Wyświetl Pojedyńczy Post
Stary 24-09-2023, 15:23   #22
killinger
 
killinger's Avatar
 
Reputacja: 1 killinger ma wspaniałą reputacjękillinger ma wspaniałą reputacjękillinger ma wspaniałą reputacjękillinger ma wspaniałą reputacjękillinger ma wspaniałą reputacjękillinger ma wspaniałą reputacjękillinger ma wspaniałą reputacjękillinger ma wspaniałą reputacjękillinger ma wspaniałą reputacjękillinger ma wspaniałą reputacjękillinger ma wspaniałą reputację
To nie moja ręka

Bolała go pięta. Każdy szybki, wydłużony krok wysyłał wnerwiające komunikaty do mózgu. Zdarty naskórek w enigmatyczny sposób stał się jego przyjacielem. Po pierwsze, zgodnie z zasadą zwalczania ognia ogniem, ból potrafi zagłuszyć inny ból. Cholerny odcisk pozwalał choć częściowo stłumić cierpienie pokiereszowanego serducha. Po wtóre chciał teraz cierpieć, chciał pokutować, poddać się gotowaniu we wrzącym oleju, przełknąć roztopiony ołów, czy też zmierzyć się z azjatycką rozrywką w formie wściekłego szczura przegryzającego się przez wnętrzności.

Zasłużył na wszystko, na każdą możliwą karę, na wszelkie konsekwencje.
Na siódmy krąg Piekieł, zarezerwowany dla zdrajców.

Kornelia. Kochana, jedyna, bliska, wspaniała, otwarta, mądra, elokwentna, bliska. Ach, tak, bliska już było.

Może już nigdy nie będzie bliska. Może już zwyczajnie zatrzasnęły się wrota, których nie będzie w stanie wyważyć, siłą, fortelem, czy cierpliwością. Zdradził ją, nie wiedząc nawet o tym.
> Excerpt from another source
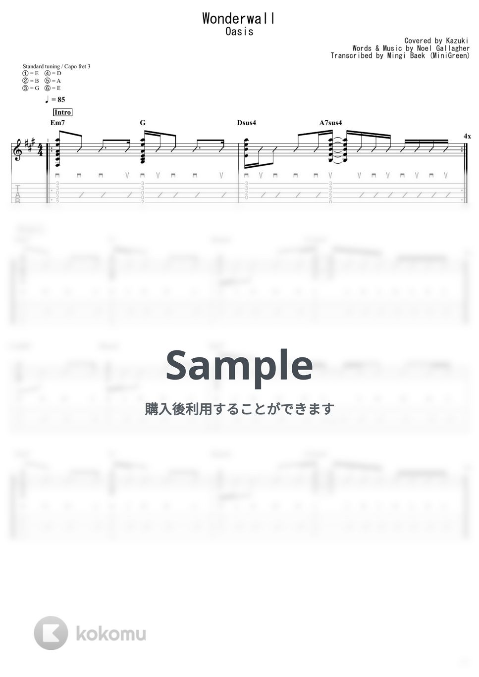 Oasis Wonderwall 楽譜 by Kazuki

Nikt w życiu nie uwierzy w jego tłumaczenia, nikt nie znajdzie w nich krzty sensu, nikt nie uzna za wiarygodne, nikt nie znajdzie okoliczności łagodzących.

Kiedy stanęła w drzwiach, zaspana i dziewczęca, kiedy omiotła wzrokiem sytuację, kiedy przestałą gapić się na wyuzdaną kobietę, spojrzała w jego stronę.

W jej oczach zapłonął prastary, słowiański wkurw.

Kacper w obliczu tego spojrzenia czuł się malutki i bezbronny, jak kostka lodu na patelni. Boże, nie pozwól by wybuchła, daj mi jakoś się wytłumaczyć!

Czy Bóg nie miał dość takiego skamlenia? Przecież Kacper nawet w niego nie wierzył, co i tak nie miało znaczenia wobec faktu nieistnienia Boga, jak zatem mógłby ów nieistniejący Bóg mógł pomóc chłopcu w tej strasznej potrzebie? Co biedny młodzian miał zrobić? Czy miał większe szanse niż mieszkaniec Nowego Orleanu w konfrontacji z Katriną kategorii piątej? Czy jakikolwiek mężczyzna przyłapany tak bezpośrednio na gorącym uczynku, miałby jakiekolwiek szanse u kobiety? Zwłaszcza tak straszliwie zawiedzionej i wściekłej jak Kornelia w tej chwili?

Pozostawało zatem działać. Tylko w jeden sposób mógł przetrwać - musiał kupić sobie czas. Zrozumiał, że wszystko wisi na włosku, że jego uczucie, które miał nadzieję, że wykracza daleko poza proste młodzieńczo-hormonalne zadurzenie, może ocalić tylko w jeden sposób.

Uciekł. Porwał z ziemi jeansy, parę konwersów i koszulkę, przed samym parapetem zahaczył palcem o ucho swojego szarego Fjallravena, w którym miał przygotowane rzeczy na basen, po czym runął w stronę okna.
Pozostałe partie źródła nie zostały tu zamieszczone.